I now photograph all of her provider portraits for the pharmacy division of the UK Chandler Medical Center. She always brings her laptop to work on stuff when we have photo shoots, but we usually sit around as we wait on people to show up and shoot the bull, and she doesn't get much work done. is short. Why answer emails when you can catch up on things (just don't tell UK). It goes to show, don't ever write anyone off in your life, you never know when they'll be there to lend a helping hand. 

I've really debated on whether I would show this photo and talk about the life-altering story behind it. I'm a man of faith and I don't like throwing anyone under the bus, and I'm a big believer that we're all a "work-in-progress" in God's eyes. But, ultimately, this one photo, and this one singular moment in time, changed my life forever. I appreciate history for the sake of history, regardless of whether it's good or bad, because it'll always be history. 

At precisely 5:36 P.M. on November 18, 2003, the wrath of EKU President Joann Glasser caught up with me. And it was at that exact moment, that I knew with absolute certainty that my time at Eastern Kentucky University was over. A lot of good people had left Eastern because of Joann Glasser, and in the blink of an eye I joined that illustrious crowd. I waited until the next morning to resign, but I knew, even with three young children at home, that I would go work at Walmart if I had to, but either way, I was moving on with my career. It turned out that I was able to stay on a couple of more months, because I didn't want to be unemployed at Christmas, and I really wanted to make sure my wonder-student Chris Radcliffe, who graduated in December 2003, would get my job. And he did. Once again, the rest is history!

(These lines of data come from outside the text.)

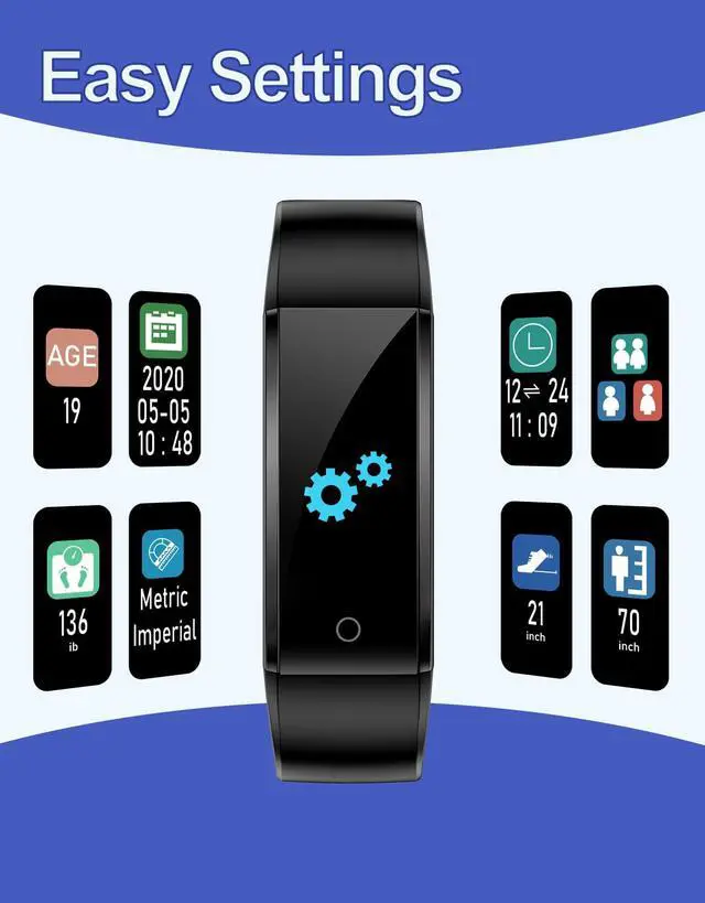 Please set the date, time, gender, age and so on in the watch first. Tap the circle touch button once to cycle through the menu and change options in the settings. Press and hold the touch button (3 seconds) to go to next screen or save the settings.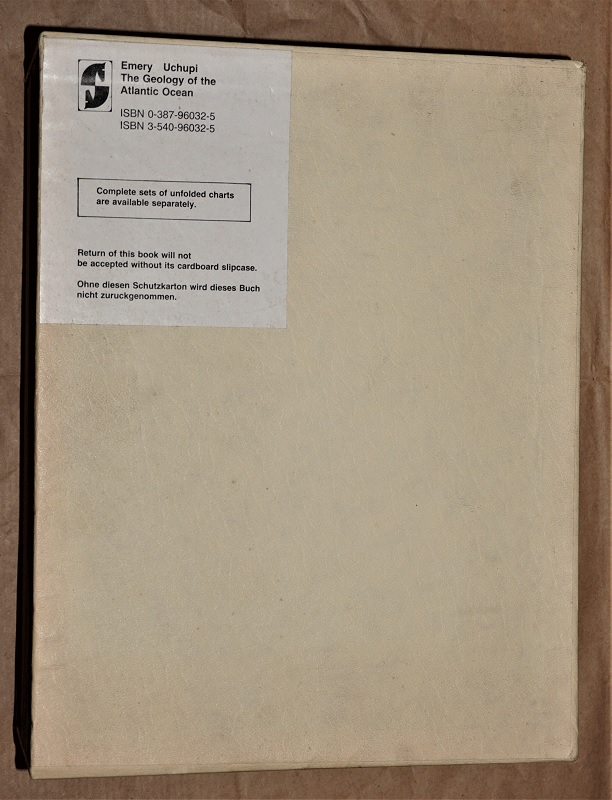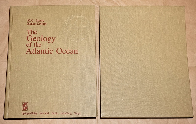 Emery, Kenneth O.: The geology of the Atlantic ocean. New York/Berlin/Heidelberg/Tokyo, Springer, 1984. 29 cm Kt.-Beil. (23 Bl. in Schuber). XIX, 1050 S. 399 graph. Darst. u. Kt. Ln. im Schuber. Kapital etw. bestoßen, Block etw. gebogen. Äußerer Schuber angeschmutzt. Sonst gut erhalten.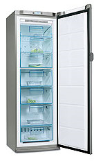 Electrolux EUF 27393 X. Case design: Freestanding, Type: Upright, Colour of product: Silver. Freezer net capacity: 254 L, Freezer gross capacity: 266 L, Freezing capacity: 20 kg/24h. Energy efficiency class: A+, Annual energy consumption: 310 kWh, Connected load: 170 W. Width: 600 mm, Depth: 645 mm, Height: 1800 mm

Zach Ingram of Elizabethtown, left, and Nick Herrin of Fairfield, Ohio, right, move a mattress from Case Hall to Martin Hall after the power went out in Case Hall. Eddie Portwood, left, Earl Street, center, and Mike Brey, right, with United Electric pull high voltage electric cable through a manhole behind EKU's Student Services Building on Wednesday afternoon.

Like the old saying goes...the more things change the more they stay the same. My first official job as a freelancer with Tim Webb Photography was to go back on campus and photograph a major electrical outage for the Lexington Herald-Leader, that forced the University to put kids up in local motels during cold temperatures. 

Forensic Scientist

Sam Gish
I want to end this post in a positive light. Working at EKU was the greatest thing that ever happened to my professional career. It brought me back to my alma mater and to Richmond, where I have lived for over 26 years. I love this photo because the building behind my right elbow was the Donovan Annex Building, which was the building where I earned my journalism degree. And the building directly behind it, near the edge of the photo is the Donovan Building that houses Model Laboratory School, where all three of my kids attended pre-k through 12.

By the time my daughter Laura started pre-k in 2007 they had moved her classroom into the old Eastern Progress office. Her little backpack locker was about 10 feet from where my photo cabinet was when I was Photo Editor my senior year in the Fall of 1991. Literally, her educational career began in the same spot where mine ended. Things really do come full circle if you wait long enough.